Plot a gg_partial_varpro object
Source: R/plot.gg_partial.R, R/plot.gg_partial_varpro.R
plot.gg_partial_varpro.RdDraws the partial dependence curves from the list that
gg_partial_varpro returns. Continuous predictors get
overlaid line curves, one per effect type; categorical predictors get
side-by-side boxplots. Survival path-C objects (the ones you get when
scale %in% c("surv","chf") was passed to the extractor) are
handed off to plot.gg_partial_rfsrc for drawing.
Arguments
- x
A
gg_partial_varproobject.- type
Character vector; one or more of
"parametric","nonparametric","causal". Defaults to all three. Ignored for path-C objects.- ...
Unused for path-A objects; forwarded to
plot.gg_partial_rfsrcfor path-C objects.
Details
Ensemble mortality (scale = "mortality"): when the provenance scale
is "mortality", the y-axis is labelled
"Ensemble mortality (expected events)". The wording is
deliberate: this is an unbounded relative-risk score, not a
survival probability and not \(1 - S(t)\) (Ishwaran, Kogalur,
Blackstone & Lauer, 2008 doi:10.1214/08-AOAS169).

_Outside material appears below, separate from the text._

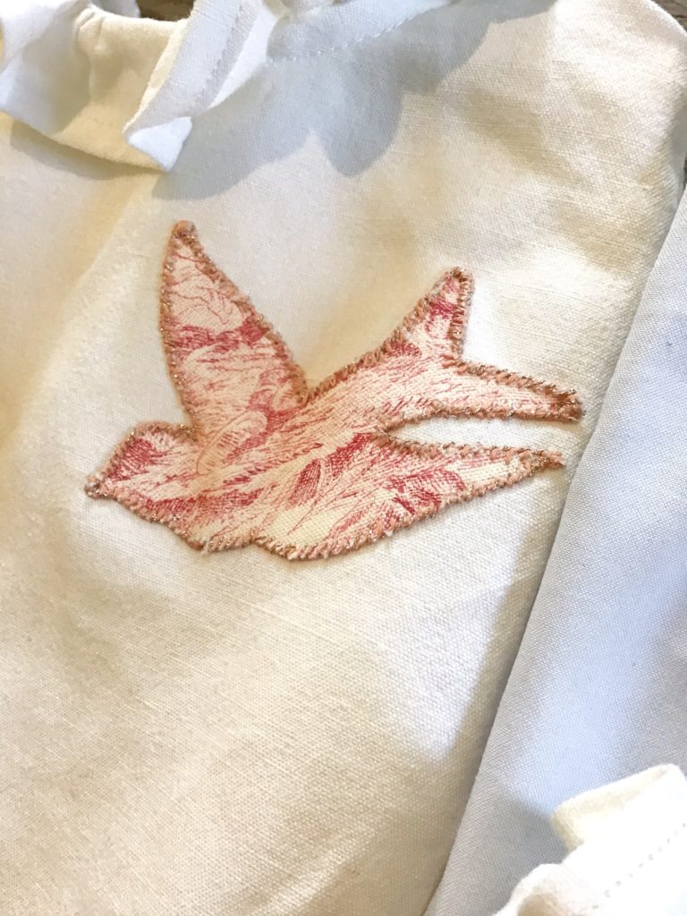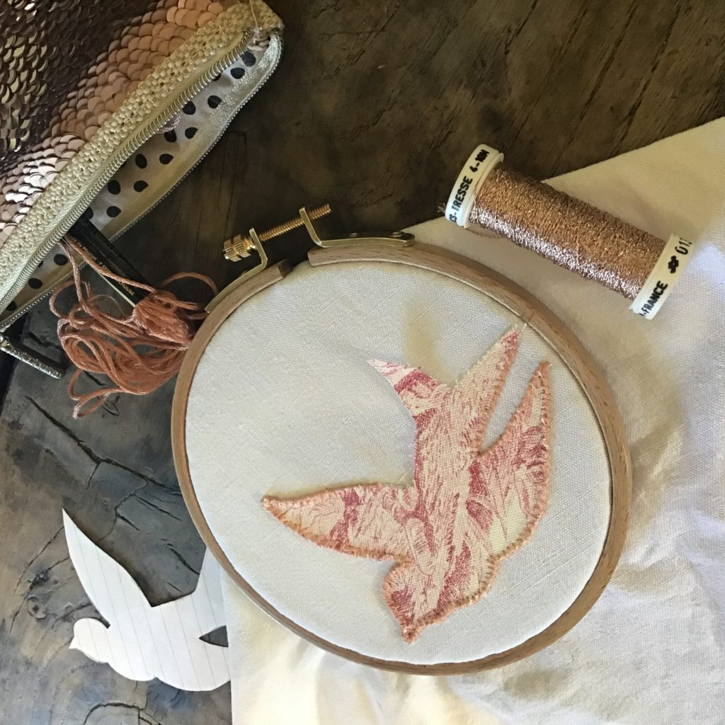 La troisième Electre a été l’occasion de tester une technique de broderie qui me fait envie depuis très longtemps : les appliqués! Pour cela, j’ai suivi le cours de Martine “ Devenez expert en broderie : brodez des appliqués et de la soie” . Au lieu des motifs floraux qui me paraissaient très complexes, j’ai dessiné un motif très printanier : l’hirondelle! Je l’ai répliqué sur des chutes de tissus d’ameublement, en toile de Jouy et je me suis lancée dans le point qui permet de plaquer le tissu tout en évitant qu’il ne s’effiloche! Le coupon de toile de Jouy n’était peut être pas le meilleur choix : il est très épais et s’effiloche énormément, ce qui a nécessité des points de couture plus épais! Sur l’une des hirondelles, j’ai tenté un surjet avec le fil métallisé d’Au Ver à Soie, ce qui donne un aspect plus précieux au motif, très agréable!

Reading the partial dependence
For a continuous variable the x-axis is the variable's grid of values
and the y-axis is the partial prediction; each of the three effect
types (parametric, nonparametric, causal) is
drawn as its own line. The shape of the line is the story: a clear
slope says the model uses the variable, a flat line says it
essentially does not, and a U-shape or a threshold says the effect
is nonlinear in a way a single coefficient would miss. For a
categorical variable the picture is a boxplot per level; here the
eye is looking at level-to-level shifts in the centre of each box.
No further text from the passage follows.